In the last few years, several proteins have emerged as novel sustainable protein biomaterials due to their easy availability, simple production methods and biocompatibility, for example, soy [17,18], milk proteins — casein [19,20], whey [21,22], keratin [23], collagen [24,25], haemoglobin [26], silk [27,28]. However, there are some drawbacks to harvesting these proteins from natural sources, these include batch-to-batch variation, impurities, the quantity available, the risk for disease transmission, and potentially fast biodegradation [29,30]. To mitigate these issues, biotechnological solutions have been developed to produce larger amounts of protein with more consistent quality and greater biological safety [8,11,31,32].

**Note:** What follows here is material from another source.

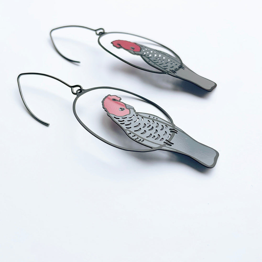 Gang Gang Cockatoo earrings in Black/Grey/Red

Recombinant technology provides an alternative method to produce proteins that are not naturally available in abundant quantities, as well as to modify the properties of these recombinant proteins, for example, by adding other bioactive molecules, growth factors, cell-binding domains, or other direct chemical modifications [33,34]. There are many successful reports of using of recombinant proteins to develop protein-based biomaterials; however, issues relating to low yield and scalability hinder their widespread commercial adoption [35–37]. However, with increasing interest in cellular agriculture, these limitations may soon be overcome. Table 1 provides a non-exhaustive list of different proteins used to develop biomaterials, along with their commonly used source and alternative sources available. For a more in-depth discussion on the recombinant production of proteins towards sustainable biomaterials, the authors refer readers to detailed reviews on this subject [54–57]. In the following sections: additive manufacturing, nanotechnology and tissue engineering, a range of applications of protein-based biomaterials will be discussed.

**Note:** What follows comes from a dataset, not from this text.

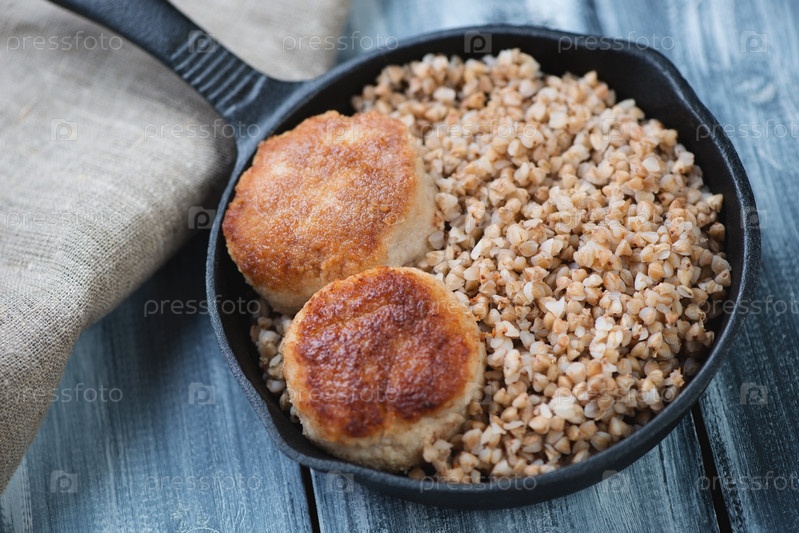Котлеты и гречка в сковороде

Additive manufacturing, also called three-dimensional (3D) printing, has been recognised as a more sustainable manufacturing method compared with traditional manufacturing, allowing for flexible designs and prints of complex structures [58]. The advantageous energy and environmental impacts of additive manufacturing is thoroughly reviewed in [59]. Current 3D printing research explores the integration of natural biopolymer resources such as proteins, polysaccharides and other green materials as the main components of novel bio- and biomaterial inks [60].

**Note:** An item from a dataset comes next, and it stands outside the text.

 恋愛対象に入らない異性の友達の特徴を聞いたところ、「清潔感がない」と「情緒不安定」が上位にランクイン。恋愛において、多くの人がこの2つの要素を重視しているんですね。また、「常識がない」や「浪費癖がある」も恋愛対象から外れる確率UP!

Groll et al. [61] propose a general definition of bio-inks that clarifies its distinction from biomaterial inks. They define a bio-ink as ‘a formulation of cells suitable for processing by an automated biofabrication technology that may also contain biologically active components and biomaterials’ which defers from biomaterial inks which do not contain cells during processing — cells can be post-seeded onto the end-biomaterial product depending on the applications. The development of such inks is well reviewed in many recent publications [61–67].

Collagen, gelatin, silk fibroin, and keratin are examples of proteins that are employed in the formulation of inks for a variety of applications such as films, hydrogels and scaffolds for tissue, bone and cartilage engineering [57,62,68]. Features such as biocompatibility and biodegradability along with the ease of availability, low processing cost, and varying mechanical properties make proteins ideal components of biomaterial inks [67]. Protein-based inks along with the additive manufacturing process offer an opportunity to address the niche issue of tissue engineering — e.g. fabrication of suitable scaffolds with biocompatibility and functional mechanical properties. The layer-by-layer assembly provides a complex 3D construct with robust and highly ordered structures for cell proliferation and differentiation [69]. Major classes of printing processes where proteins are used in are lithography and material extrusion [70,71]. Choi et al. [57] review the advances in protein-based materials and the following is a snapshot of how proteins are integrated within bio- and biomaterial inks.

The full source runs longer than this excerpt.